Em 11 de Março de 2004 deu-se um daqueles acontecimentos que na altura parecem inconsequentes em termos históricos mas que se verifica mais tarde terem sido pontos de viragem. A seguir ao atentado bombista em Atoja, quando o PP, que liderava todas as sondagens, mentiu aos espanhóis sobre a autoria do crime, os cidadãos, munidos dos seus telemóveis e dos seus endereços de e-mail, conseguiram inverter o sentido do voto e fazer eleger o PSOE. Estava provado que era possível a um número suficiente de cidadãos, não organizados e não apoiaddos por nenhum partido, igreja, órgão de comunicação social ou grupo empresarial, influenciar o resultado dumas eleições.
Este facto terá passado despercebido a muita gente, na Espanha e no Mundo; mas também deve ter havido outros que tomaram dele devida nota, para memória futura.
Entretanto a América Latina tinha descoberto que podia desobedecer impunemente aos EUA; o Irão descobriu que nunca seria invadido nem as suas instalações nucleares destruídas; a Rússia redescobriu, e fez valer, o seu estatuto de grande potência; as classes médias americanas descobriram que podiam, graças às novas tecnologias, angariar o dobro do dinheiro para eleger Obama que os grandes grupos económicos estavam dispostos a dar para eleger um representante dos seus interesses.
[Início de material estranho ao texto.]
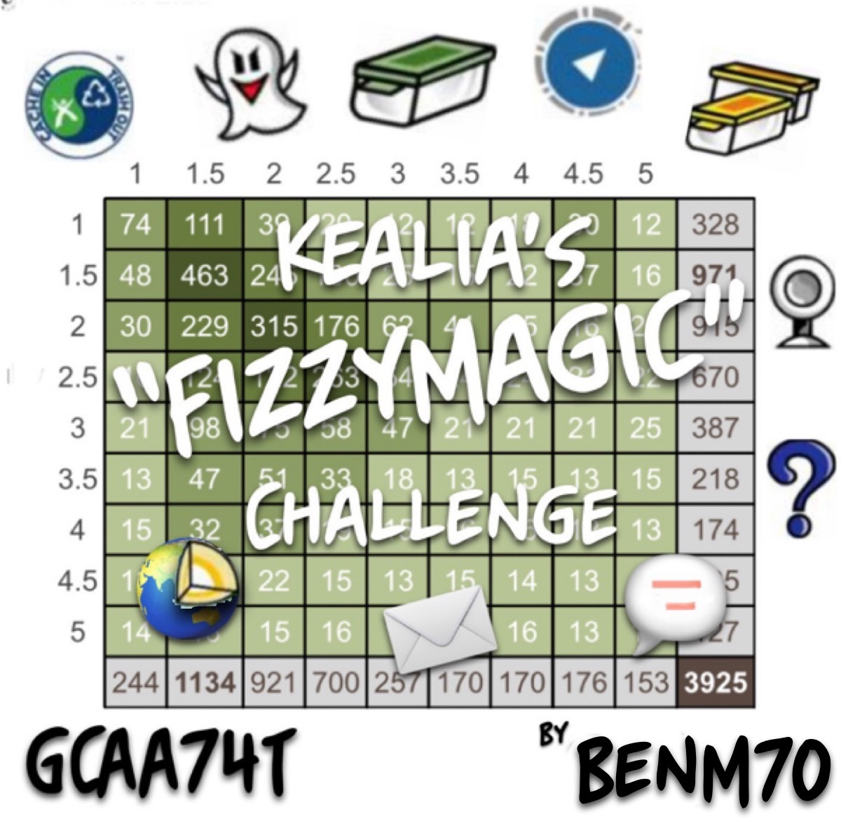 This Cache, as indicated by its name is placed in honour of Kealia's Well Rounded Cacher (The Fizzy Challenge) challenge - GC11E8N which was placed to honour the work of FizzyMagic. Most people think that it just involved filling a grid with at least one of every Difficulty Terrain combination for a total of 81, but it also involved finding one of each of the common types at the time, being the following -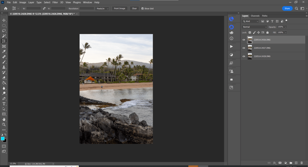 - Then the images are sent to PS and aligned as layers in a single photographic document.
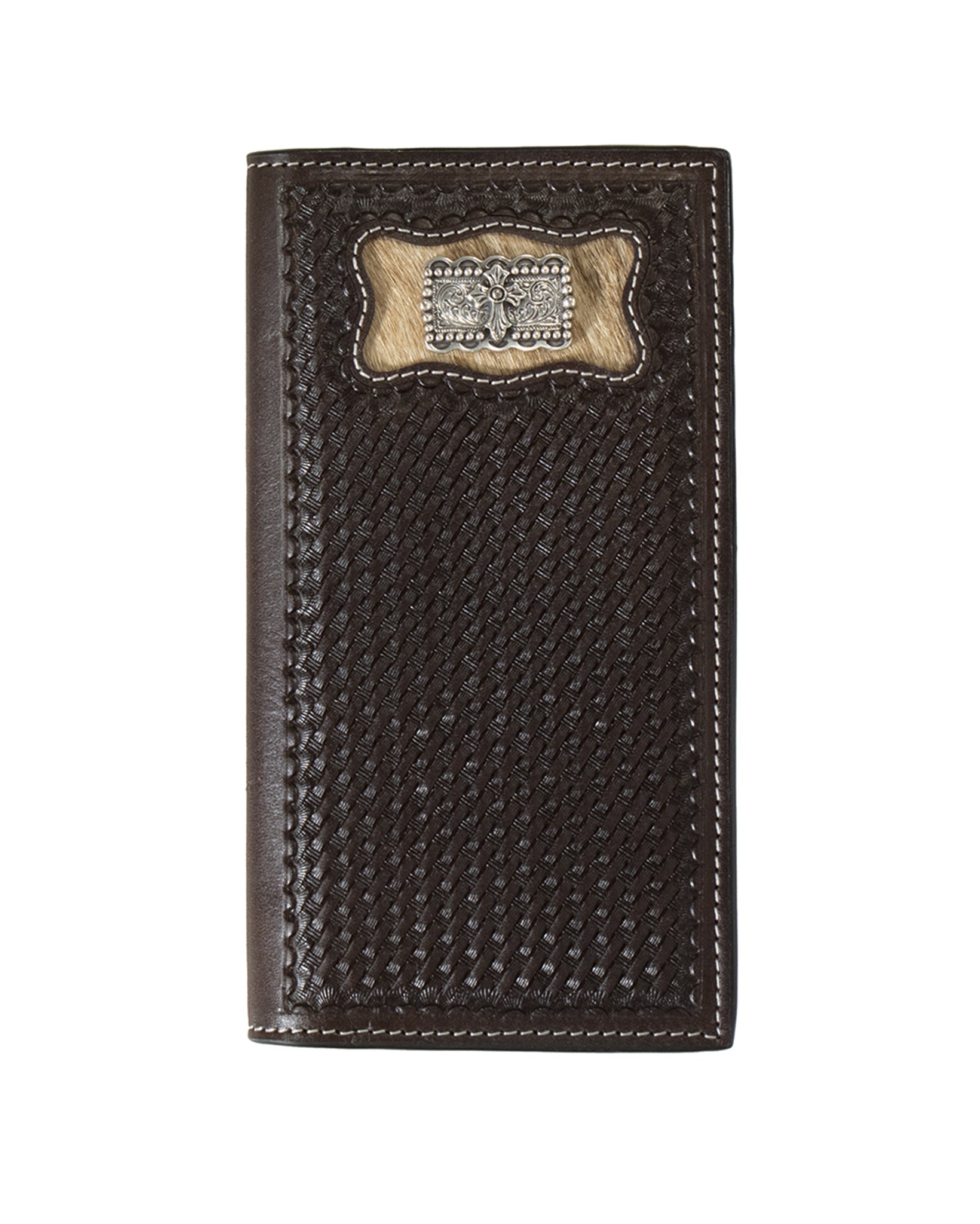 This authentic rodeo wallet showcases masterful hand-tooled craftsmanship with a striking sunburst and basket weave pattern complemented by calf hair inlay details. Constructed from genuine leather, it combines traditional Western aesthetics with practical functionality. The interior features multiple card slots and a dedicated ID window, making it an ideal choice for those who appreciate both heritage design and everyday utility.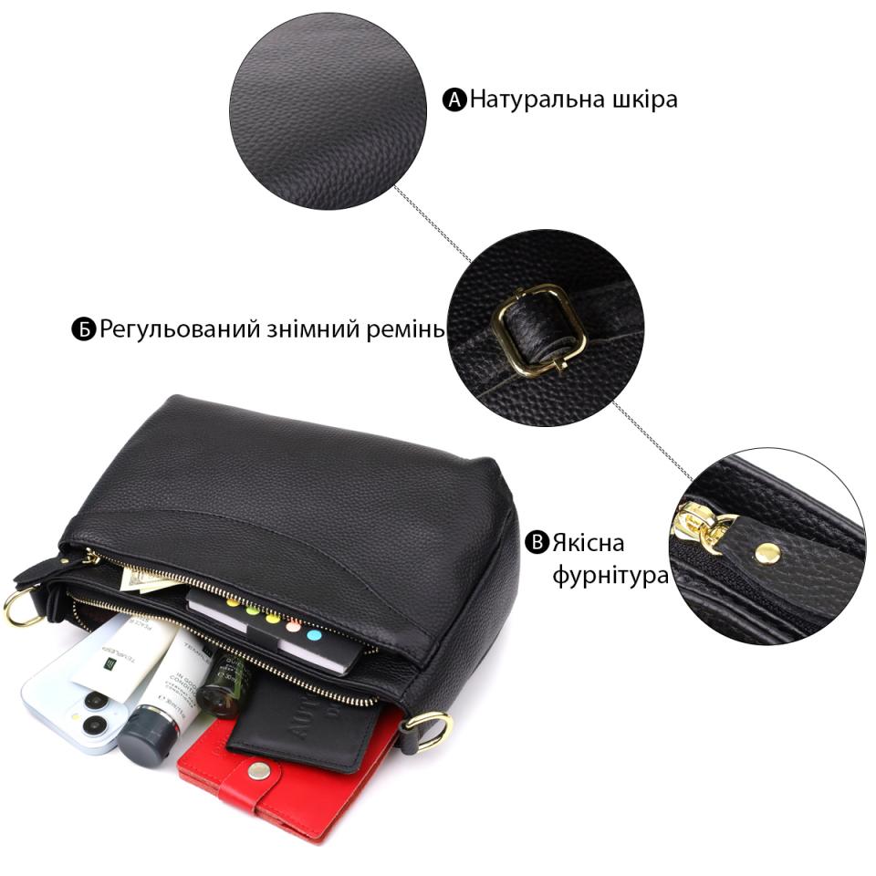 Эта чёрная кожаная сумка с формоустойчивым дном — идеальный выбор для женщин, которые ценят стиль, качество и функциональность в одном аксессуаре.

As opiniões públicas europeia e americana descobriram que o segredo para enriquecer não estava afinal em produzir riqueza, mas em criar dinheiro virtual a partir do nada. Descobriram isto, não gostaram, e estão a exigir que rolem cabeças.
E até aqui, em Portugal, os professores descobriram que uma pequena organização com acesso à net pode pôr na rua dez vezes mais manifestantes que qualquer sindicato. E as outras classes profissionais estão a descobrir que ou vencem com os professores, ou caem com eles.
Coitado do Pinócrates. Apanhou o comboio neoliberal precisamente quando faltava pouco para ele descarrilar. Conseguirá saltar do comboio em andamento? Conseguirá escapar, se abandonar os seus actuais aliados, à sua retaliação? Conseguirá aliar-se às classes médias realmente, e não só na imagem? Mas como, se tudo o que ele é é imagem? E quem é que vai agora acreditar nele?
Até pode ser que consiga, com muita sorte, uma nova maioria absoluta. Mas não lhe servirá de nada: ao fim de trinta anos sempre a perder, as classes médias estão finalmente ao ataque, e não vai ser possível governar contra elas.